Categories: Health/Medicine

Enhancing Cardiovascular Nutrition Guidance with Retrieval-Augmented LLMs: A Cross-Sectional Evaluation

Enhancing Cardiovascular Nutrition Guidance with Retrieval-Augmented LLMs: A Cross-Sectional Evaluation

Introduction

As digital health tools proliferate, large language models (LLMs) and retrieval-augmented generation (RAG) offer promise for delivering accessible, guideline-based nutrition information aimed at preventing cardiovascular disease (CVD). This cross-sectional study investigates how different model architectures perform in providing nutrition guidance aligned with American Heart Association (AHA) recommendations, and whether grounding LLMs in vetted guidelines via RAG can reduce misinformation and potential harm.

Study Rationale

LLMs trained on vast, heterogeneous sources may generate reliable advice, yet they can also reproduce unverified, sometimes misleading content. Grounding responses in external reference materials through RAG helps ensure that generated guidance remains anchored to evidence-based sources. Prior work hints at variability in performance across domains, with controlled, domain-specific systems showing improved consistency and safety. This study extends that work to CV nutrition, a field where precise guidance matters for prevention strategies.

Methods in Brief

Guidelines from the AHA were used as the benchmark for CV dietary recommendations. A dietitian specializing in preventive cardiology developed 30 nutrition questions spanning cooking practices, dietary patterns, and nutrient specifics relevant to heart health. The study compared one RAG-enhanced Llama 3 model (Llama 3+RAG) against three off-the-shelf models: OpenAI’s GPT-4o, Perplexity AI, and Meta AI’s Llama 3-70B. Each model answered questions three times using standardized prompts, and expert reviewers evaluated responses for reliability, harm, guideline adherence, readability, and overall appropriateness. A 15,074-word knowledge base grounded the RAG system, drawing from the AHA 2021 dietary statements and related resources, with citations formatted to enable traceability.

What Was Grounded in Guidelines?

The knowledge base was constructed from AHA sources and high-quality educational materials to explicitly map guidance for topics such as sodium limits, recommended fat types, protein intake, beverages, and meal patterns. The RAG framework used a vector database to retrieve the five most relevant knowledge chunks per query, reinforcing the model’s outputs with source material and formal citations.
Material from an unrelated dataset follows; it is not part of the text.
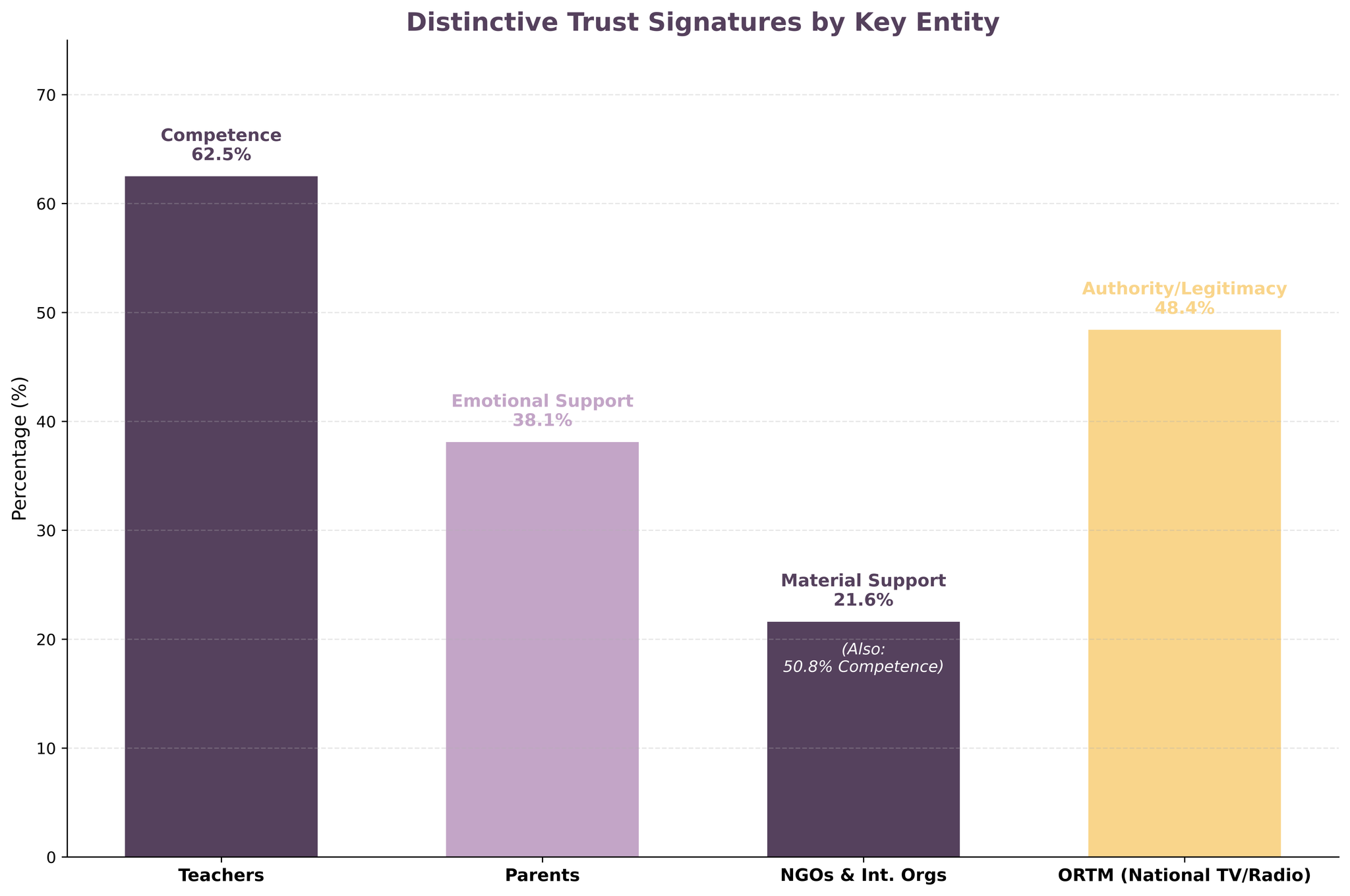 The entity-specific profiles are sharper still. Teachers score the highest competence rating of any actor with 62.5%. Parents are trusted primarily for emotional support (38.1%) and moral guidance (20.1%). ORTM, Mali’s national broadcaster, derives nearly half its trust (48.4%) from authority and legitimacy alone. And NGOs stand out for the highest material/financial support attribution (21.6%) alongside their competence score (50.8%).

Temperature settings were tuned to balance factual fidelity with conversational clarity, seeking an optimal middle ground between strict guideline adherence and user-friendly explanations.

Key Findings

The RAG-enhanced Llama 3 model consistently outperformed off-the-shelf models in reliability, guideline adherence, and safety. It showed fewer inappropriate or harmful responses and demonstrated the most credible alignment with AHA recommendations. Readability, while strong in the commercial models, lagged in the RAG-enhanced system due to more formal, guideline-focused language. Importantly, no harmful outputs were observed from the Llama 3+RAG model, whereas some off-the-shelf models produced prescriptive, potentially risky advice or misrepresented guidelines.

Implications for Practice

For health systems considering AI-assisted nutrition guidance, RAG-enhanced models grounded in evidence-based CV nutrition guidelines offer a safer, more trustworthy option than generic LLMs. The study underlines the need for robust citation verification and transparency around sources to prevent citation hallucinations. Moreover, it highlights a critical trade-off: higher guideline fidelity may come with reduced readability. Tiered information delivery—coupling plain-language summaries with detailed guideline language—could address diverse user needs and health literacy levels.

Limitations and Future Directions

Limitations include evaluating a limited set of models at a single time point and relying on qualitative expert assessments. Future work should expand model comparisons, incorporate longitudinal evaluations to monitor drift, and involve patient testing to assess comprehension and behavior change. The integration of end-user feedback, clinician workflows, and governance frameworks will be essential as AI tools transition toward routine clinical use.

Conclusion

Our cross-sectional study demonstrates that a RAG-enhanced Llama 3 model, fine-tuned to CV dietary guidelines, delivers more guideline-adherent, reliable nutrition guidance for CVD prevention compared with several off-the-shelf LLMs. While readability lags slightly behind, the potential for safer, evidence-based AI-driven nutrition support in cardiovascular health remains compelling, warranting further development and careful clinical integration.